## [Activity]
Extract exactly the lines from the top of the records through the line containing "الرئيس الروسي فلاديمير", and keep pictures out of the copy.

## [Material to process]

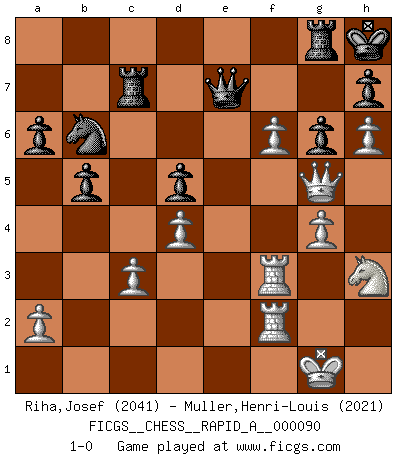 Last move : 1-0 2010 October 22 10:45:18 [Event "FICGS__CHESS__RAPID_A__000090"] [Site "FICGS"] [Date "2010.09.27"] [Round "1"] [White "Riha,Josef"] [Black "Muller,Henri-Louis"] [Result "1-0"] [WhiteElo "2041"] [BlackElo "2021"] 1.e4 c5 2.Nf3 d6 3.c3 Nf6 4.h3 Nc6 5.Bd3 g6 6.O-O Bg7 7.Bc2 O-O 8.d4 cxd4 9.cxd4 d5 10.e5 Ne4 11.Nc3 Bf5 12.Re1 Nxc3 13.bxc3 Bxc2 14.Qxc2 Rc8 15.h4 e6 16.h5 Re8 17.Qd3 Na5 18.Bg5 Qc7 19.Rac1 Qc4 20.Qd1 b6 21.Qd2 Qc7 22.h6 Nc4 23.Qe2 Bf8 24.Nh2 Be7 25.f4 b5 26.Ng4 Kh8 27.Qf2 Nb6 28.Re3 a6 29.Bf6+ Bxf6 30.Nxf6 Red8 31.g4 Qe7 32.f5 Rc7 33.fxe6 Qxe6 34.Qf3 Nc4 35.Re2 Nb6 36.Rd1 Rdc8 37.Rd3 Rd8 38.Rf2 Nc4 39.Qf4 Nb6 40.Rdf3 Rf8 41.Qg5 Rfc8 42.Nh5 Rg8 43.Nf4 Qe7 44.Nh3 f5 45.exf6 1-0 Sicilian Kingside Castling by player White (move 6) Kingside Castling by player Black (move 7) Player White won this chess game. Follow this game move after move (download)The game of chess is the touchstone of the intellect. (Goethe) Es war undenkbar für die Behörden, dass ein sowjetischer Großmeister auf diese Art und Weise [Fischer-Taimanov 6:0] verliert, ohne dass es eine politischer Erklärung dafür gäbe. (Mark Taimanov) A la fecha, Fischer esta simplemente un nivel arriba de todos los mejores jugadores de Ajedrez del mundo. (John Jacobs) J'apprécie les joueurs d'est-indienne, c'est grâce à eux que je nourris ma famille depuis tant d'années. (Petrosian) Two beer, or not two beer. (Unknown)
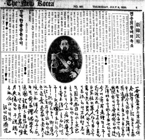 | ▲ 미국 샌프란시스코에서 발행된 <신한민보> 1926년 7월 8일자. 융희 황제(순종)가 세상을 떠나기 전에 조정구(趙鼎九, 1862~1926년)에게 내렸다는 유언(遺詔)이 실려 있다. ⓒ프레시안 |
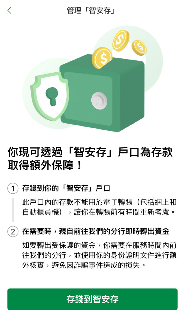 資金存入「智安存」戶口後,就如鎖入「夾萬」。資金不能隨意經電子途徑(包括網上、電話理財和自動櫃員機)提取或轉出。
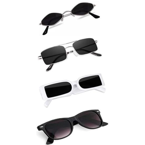 Sheomy Unisex Combo предлагает набор из 4 очков pathan Sunglasses Rectangle Retro Vintage Narrow Women::Мужчины, МКН-274
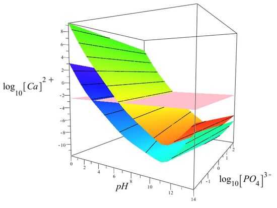 Solubility diagrams for the fluorapatite (lower) and hydroxylapatite (upper); the pink plane shows the average concentration of Ca2+ ions in the physiological solution.
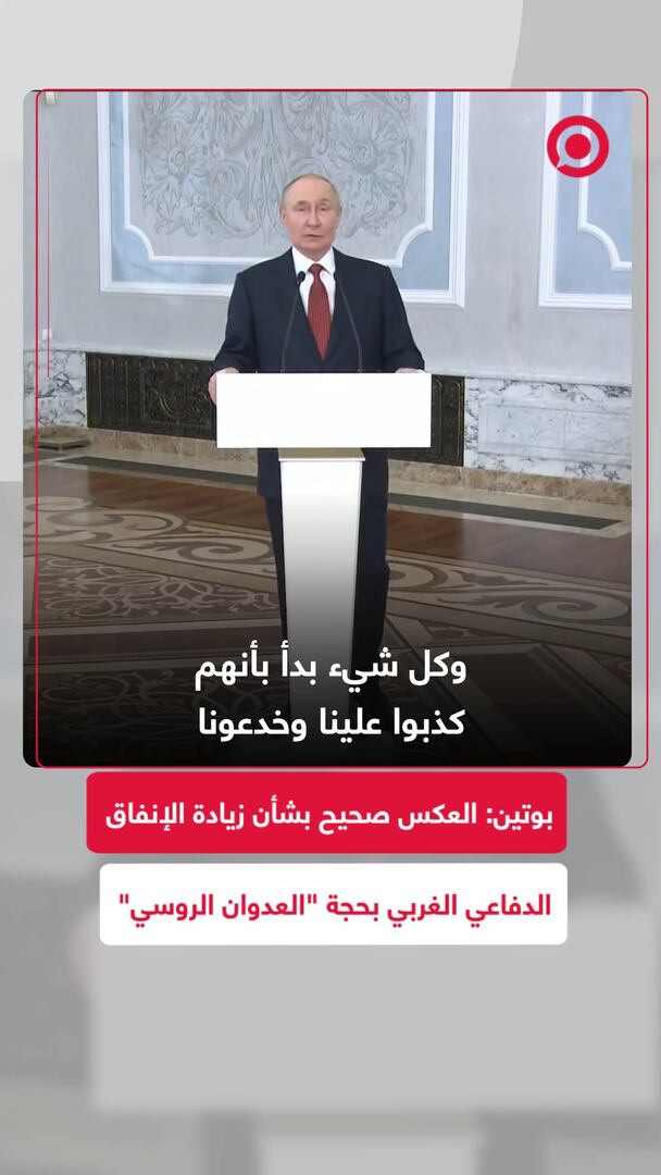الرئيس الروسي فلاديمير بوتين يؤكد أن الغرب يتذرع بـ"العدوانية الروسية" لزيادة الإنفاق العسكري وأن ما يحدث في الوقع عكس ذلك تماما
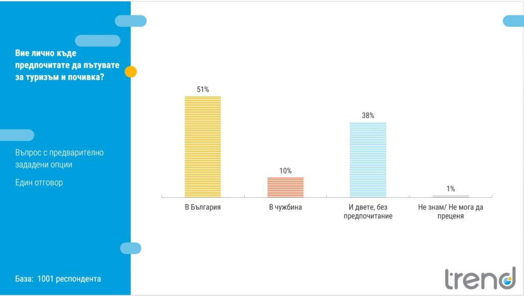 По повод Световния ден на туризма Министерството на туризма представи съвместно със социологическа агенция „Тренд“ национално представително проучване за нагласите на българите към туризма и почивките в страната, реализирано по поръчка на Министерството на туризма. Данните показват, че България остава предпочитаната дестинация за нашите сънародници – 51% от анкетираните заявяват, че избират почивка у нас, докато едва 10% насочват интереса си към чужбина.

## [Expected answer]
 Last move : 1-0 2010 October 22 10:45:18 [Event "FICGS__CHESS__RAPID_A__000090"] [Site "FICGS"] [Date "2010.09.27"] [Round "1"] [White "Riha,Josef"] [Black "Muller,Henri-Louis"] [Result "1-0"] [WhiteElo "2041"] [BlackElo "2021"] 1.e4 c5 2.Nf3 d6 3.c3 Nf6 4.h3 Nc6 5.Bd3 g6 6.O-O Bg7 7.Bc2 O-O 8.d4 cxd4 9.cxd4 d5 10.e5 Ne4 11.Nc3 Bf5 12.Re1 Nxc3 13.bxc3 Bxc2 14.Qxc2 Rc8 15.h4 e6 16.h5 Re8 17.Qd3 Na5 18.Bg5 Qc7 19.Rac1 Qc4 20.Qd1 b6 21.Qd2 Qc7 22.h6 Nc4 23.Qe2 Bf8 24.Nh2 Be7 25.f4 b5 26.Ng4 Kh8 27.Qf2 Nb6 28.Re3 a6 29.Bf6+ Bxf6 30.Nxf6 Red8 31.g4 Qe7 32.f5 Rc7 33.fxe6 Qxe6 34.Qf3 Nc4 35.Re2 Nb6 36.Rd1 Rdc8 37.Rd3 Rd8 38.Rf2 Nc4 39.Qf4 Nb6 40.Rdf3 Rf8 41.Qg5 Rfc8 42.Nh5 Rg8 43.Nf4 Qe7 44.Nh3 f5 45.exf6 1-0 Sicilian Kingside Castling by player White (move 6) Kingside Castling by player Black (move 7) Player White won this chess game. Follow this game move after move (download)The game of chess is the touchstone of the intellect. (Goethe) Es war undenkbar für die Behörden, dass ein sowjetischer Großmeister auf diese Art und Weise [Fischer-Taimanov 6:0] verliert, ohne dass es eine politischer Erklärung dafür gäbe. (Mark Taimanov) A la fecha, Fischer esta simplemente un nivel arriba de todos los mejores jugadores de Ajedrez del mundo. (John Jacobs) J'apprécie les joueurs d'est-indienne, c'est grâce à eux que je nourris ma famille depuis tant d'années. (Petrosian) Two beer, or not two beer. (Unknown)
 | ▲ 미국 샌프란시스코에서 발행된 <신한민보> 1926년 7월 8일자. 융희 황제(순종)가 세상을 떠나기 전에 조정구(趙鼎九, 1862~1926년)에게 내렸다는 유언(遺詔)이 실려 있다. ⓒ프레시안 |
 資金存入「智安存」戶口後,就如鎖入「夾萬」。資金不能隨意經電子途徑(包括網上、電話理財和自動櫃員機)提取或轉出。
 Sheomy Unisex Combo предлагает набор из 4 очков pathan Sunglasses Rectangle Retro Vintage Narrow Women::Мужчины, МКН-274
 Solubility diagrams for the fluorapatite (lower) and hydroxylapatite (upper); the pink plane shows the average concentration of Ca2+ ions in the physiological solution.
الرئيس الروسي فلاديمير بوتين يؤكد أن الغرب يتذرع بـ"العدوانية الروسية" لزيادة الإنفاق العسكري وأن ما يحدث في الوقع عكس ذلك تماما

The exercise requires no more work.